[[I'm posting this on behalf of my co-worker who cannot post to this list at the moment]]


I had installed PostgreSQL on a 4-way AMD Opteron 875 (dual core) and the performance isn't on the expected level.

The "old" server is a 4-way XEON MP 3.0 GHz with 4MB L3 cache, 32 GB RAM (PC1600)  and local FC-RAID 10. Hyper-Threading is off. (DL580)
The "old" server is using Red Hat Enterprise Linux 3 Update 5.
The "new" server is a 4-way Opteron 875 with 1 MB L2 cache, 32 GB RAM (PC3200) and the same local FC-RAID 10. (HP DL585)
The "new" server is using Red Hat Enterprise Linux 4 (with the latest x86_64 kernel from Red Hat - 2.6.9-11.ELsmp #1 SMP Fri May 20 18:25:30 EDT 2005 x86_64)
I use PostgreSQL version 8.0.3.

The issue is that the Opteron is slower as the XEON MP under high load.
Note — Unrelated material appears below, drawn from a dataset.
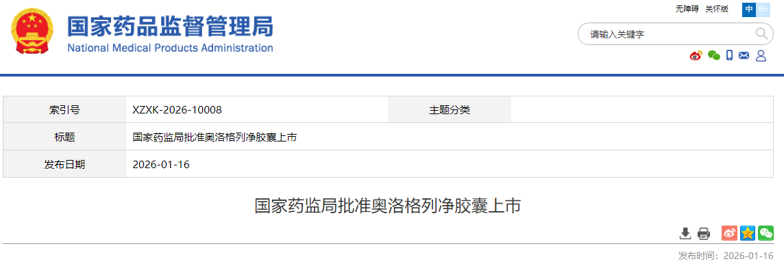 2026年01月16日,国家药监局批准了宜昌东阳光长江药业股份有限公司申报的1类创新药奥洛格列净胶囊上市。
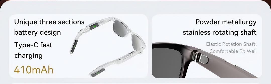 The F0-280 Hi-Fi Sound Quality ensures audio clarity that makes music, calls, and media immersive. Backed by a robust 410mAh large-capacity battery, these glasses offer hours of uninterrupted use, keeping you powered all day long. With the Type-C charging port, recharging is swift and hassle-free.

I have created a test with parallel queries which are typical for my application. The queries are in a range of small queries (0.1 seconds) and larger queries using join (15 seconds).
The test starts parallel clients. Each clients runs the queries in a random order. The test takes care that a client use always the same random order to get valid results.

Here are the number of queries which the server has finished in a fix period of time.
I used PostgreSQL 8.1 snapshot from last week compiled as 64bit binary for DL585-64bit.
I used PostgreSQL 8.0.3 compiled as 32bit binary for DL585-32bit and DL580.
During the tests everything which is needed is in the file cache. I didn't have read activity.
Context switch  spikes are over 50000 during the test on both server. My feeling is that the XEON has a tick more context switches.

PostgreSQL params:
max_locks_per_transaction = 256
shared_buffers = 40000
effective_cache_size = 3840000
work_mem = 300000
maintenance_work_mem = 512000
wal_buffers = 32
checkpoint_segments = 24

I was expecting two times more queries on the DL585. The DL585 with PostgreSQL 8.0.3 32bit does meltdown earlier as the XEON in production use. Please compare 4 clients and 8 clients. With 4 clients the Opteron is in front and with 8 clients the XEON doesn't meltdown that much as the Opteron.

I don't have any idea what cause this. Benchmarks like SAP's SD 2-tier showing that the DL585 can handle nearly three times more load as the DL580 with XEON 3.0. We choose the 4-way Opteron 875 based on such benchmark to replace the 4-way XEON MP.

Does anyone have comments or ideas on which I have to focus my work?

I guess, the shared buffer cause the meltdown when to many clients are accessing the same data.
I didn't understand why the 4-way XEON MP 3.0 can deal with this better as the 4-way Opteron 875.
The system load on the Opteron is never over 3.0. The XEON MP has a load up to 4.0.

Should I try other settings for PostgreSQL in postgresql.conf?
Should I try other setting for the compilation?

I will compile the latest PostgreSQL 8.1 snapshot for 32bit to evaluate the new shared buffer code from Tom.
I think, the 64bit is slow because my queries are CPU intensive.

Can someone provide a commercial support contact for this issue?